Retype each line below precisely and omit all images.

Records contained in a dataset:
++++++++++
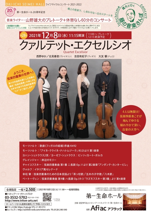 認定NPO法⼈トリトン・アーツ・ネットワーク(東京都中央区、理事⻑:⻑浜⼒雄)主催による、第一生命ホール20周年記念〈ライフサイクルコンサート〉『雄大と行く 昼の音楽さんぽ「第28回 クァルテット・エクセルシオ(弦楽四重奏)」』が2021年12月8日 (水)に第⼀⽣命ホール(東京都中央区)にて上演されます。チケットはカンフェティ(運営:ロングランプランニング株式会社、東京都新宿区、代表取締役:榑松 ⼤剛)、主催者チケットデスクほかにて10⽉12⽇(⽕)より発売開始いたしました。
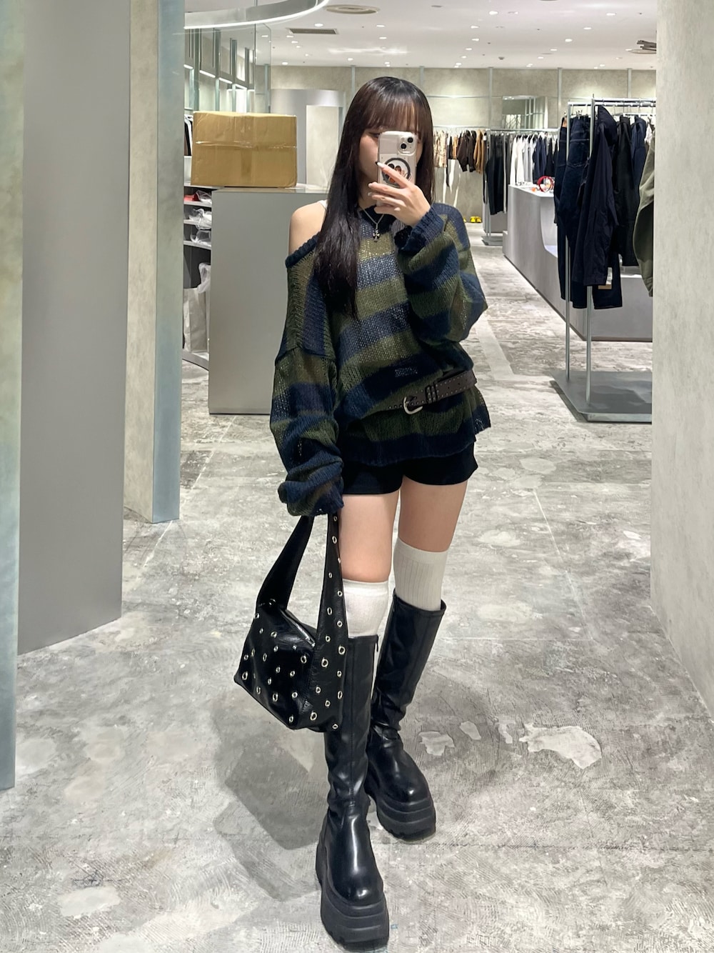 misaki(WHO'S WHO gallery広島パルコ店)のニット/セーター「ワイドボーダーメッシュニット」を使ったコーディネート
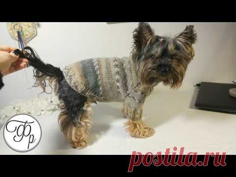 Свитер для собаки спицами. Реглан сверху, расчеты для любого размера.
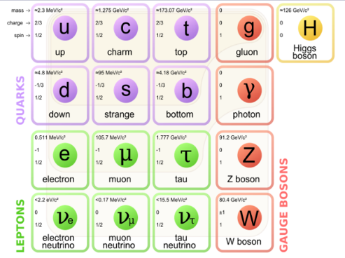 图1. 标准模型中的基本粒子
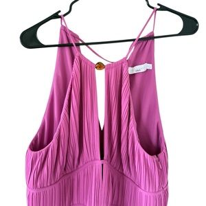 This stunning pink sundress by Jonathan Simkhai features a chic halter neckline and a sophisticated cut-out design. The pleated skirt adds a touch of elegance, making it perfect for a wedding guest or cocktail occasion. Its backless style enhances its allure, ensuring you make a memorable entrance
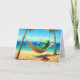 Big green dill pickle in a hammock hanging between two tropical palm trees on a beach with flip-flops.
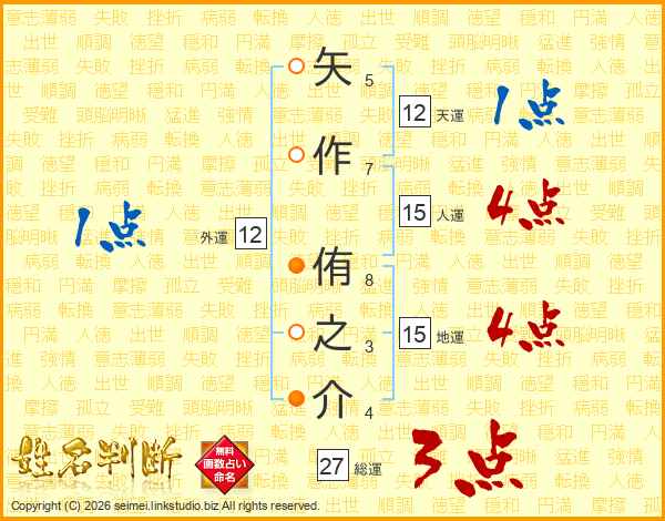 矢(5画)作(7画) 侑(8画)之(3画)介(4画)
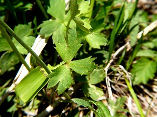 花びらがカタバミの形と異なります。 葉はカタバミと同じ三つ葉です。 |
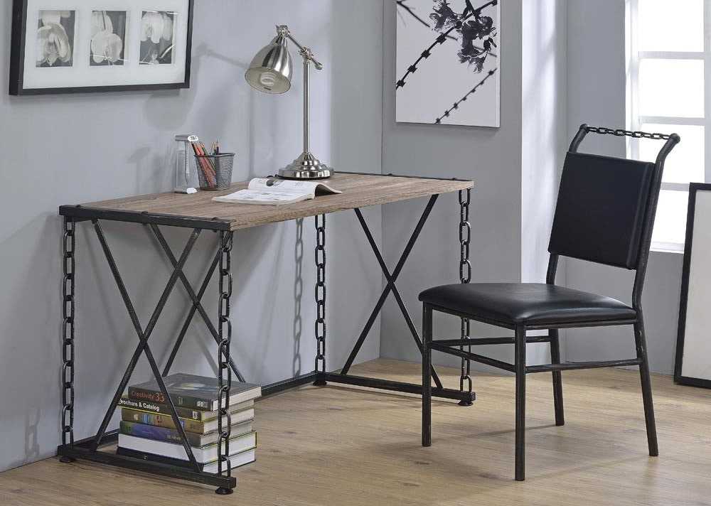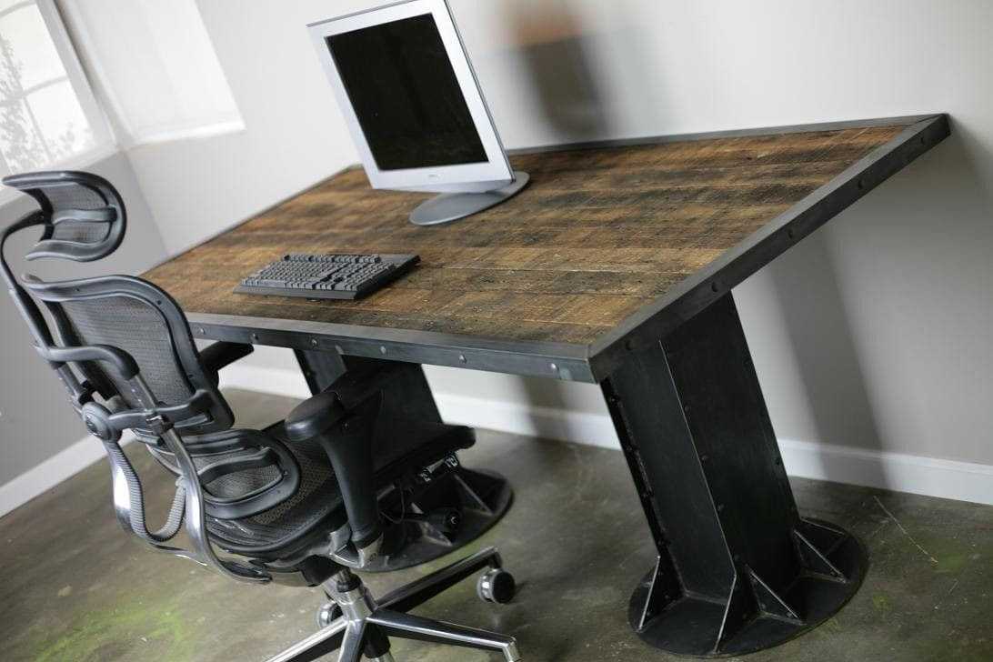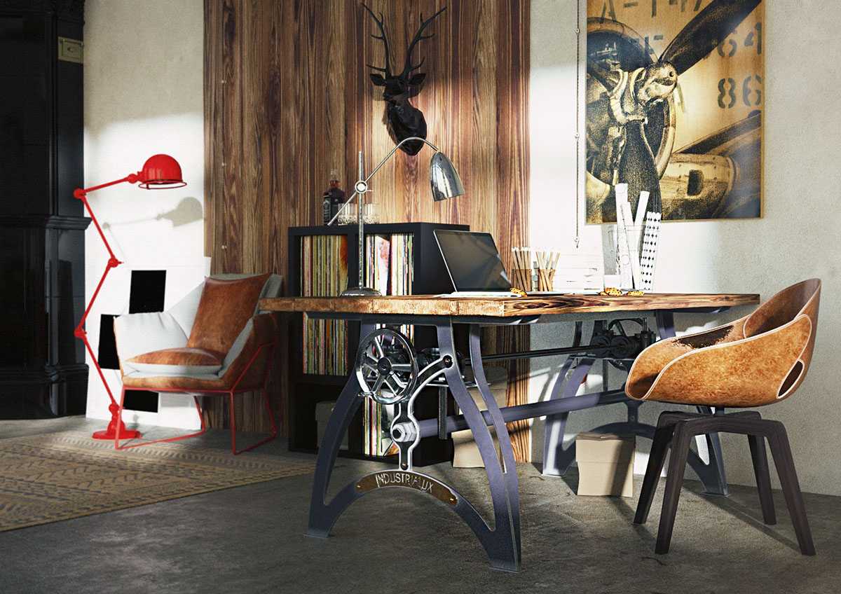 - Индастриал — наиболее популярное направление. Предполагает наличие излишней прямолинейности и брутальности. Опорная конструкция стола выполнена из обычных металлических труб без какого-либо декорирования.
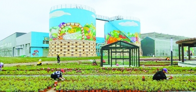 百蔬園外還有一處亮眼的景觀,兩個以蔬菜籃為設計元素的巨型彩繪能源罐高聳矗立。這兩個為溫室大棚提供能源的能源罐,經(jīng)過中央美院專家團隊的藝術設計和現(xiàn)場手繪后,呈現(xiàn)出藍天白云下蔬菜籃子的幾何圖案,充分體現(xiàn)了百蔬園的藝術特性。
++++++++++
*Answer box:*
 認定NPO法⼈トリトン・アーツ・ネットワーク(東京都中央区、理事⻑:⻑浜⼒雄)主催による、第一生命ホール20周年記念〈ライフサイクルコンサート〉『雄大と行く 昼の音楽さんぽ「第28回 クァルテット・エクセルシオ(弦楽四重奏)」』が2021年12月8日 (水)に第⼀⽣命ホール(東京都中央区)にて上演されます。チケットはカンフェティ(運営:ロングランプランニング株式会社、東京都新宿区、代表取締役:榑松 ⼤剛)、主催者チケットデスクほかにて10⽉12⽇(⽕)より発売開始いたしました。
 misaki(WHO'S WHO gallery広島パルコ店)のニット/セーター「ワイドボーダーメッシュニット」を使ったコーディネート
 Свитер для собаки спицами. Реглан сверху, расчеты для любого размера.
 图1. 标准模型中的基本粒子
 This stunning pink sundress by Jonathan Simkhai features a chic halter neckline and a sophisticated cut-out design. The pleated skirt adds a touch of elegance, making it perfect for a wedding guest or cocktail occasion. Its backless style enhances its allure, ensuring you make a memorable entrance
 Big green dill pickle in a hammock hanging between two tropical palm trees on a beach with flip-flops.
 矢(5画)作(7画) 侑(8画)之(3画)介(4画)
 花びらがカタバミの形と異なります。 葉はカタバミと同じ三つ葉です。 |
 - Индастриал — наиболее популярное направление. Предполагает наличие излишней прямолинейности и брутальности. Опорная конструкция стола выполнена из обычных металлических труб без какого-либо декорирования.
 百蔬園外還有一處亮眼的景觀,兩個以蔬菜籃為設計元素的巨型彩繪能源罐高聳矗立。這兩個為溫室大棚提供能源的能源罐,經(jīng)過中央美院專家團隊的藝術設計和現(xiàn)場手繪后,呈現(xiàn)出藍天白云下蔬菜籃子的幾何圖案,充分體現(xiàn)了百蔬園的藝術特性。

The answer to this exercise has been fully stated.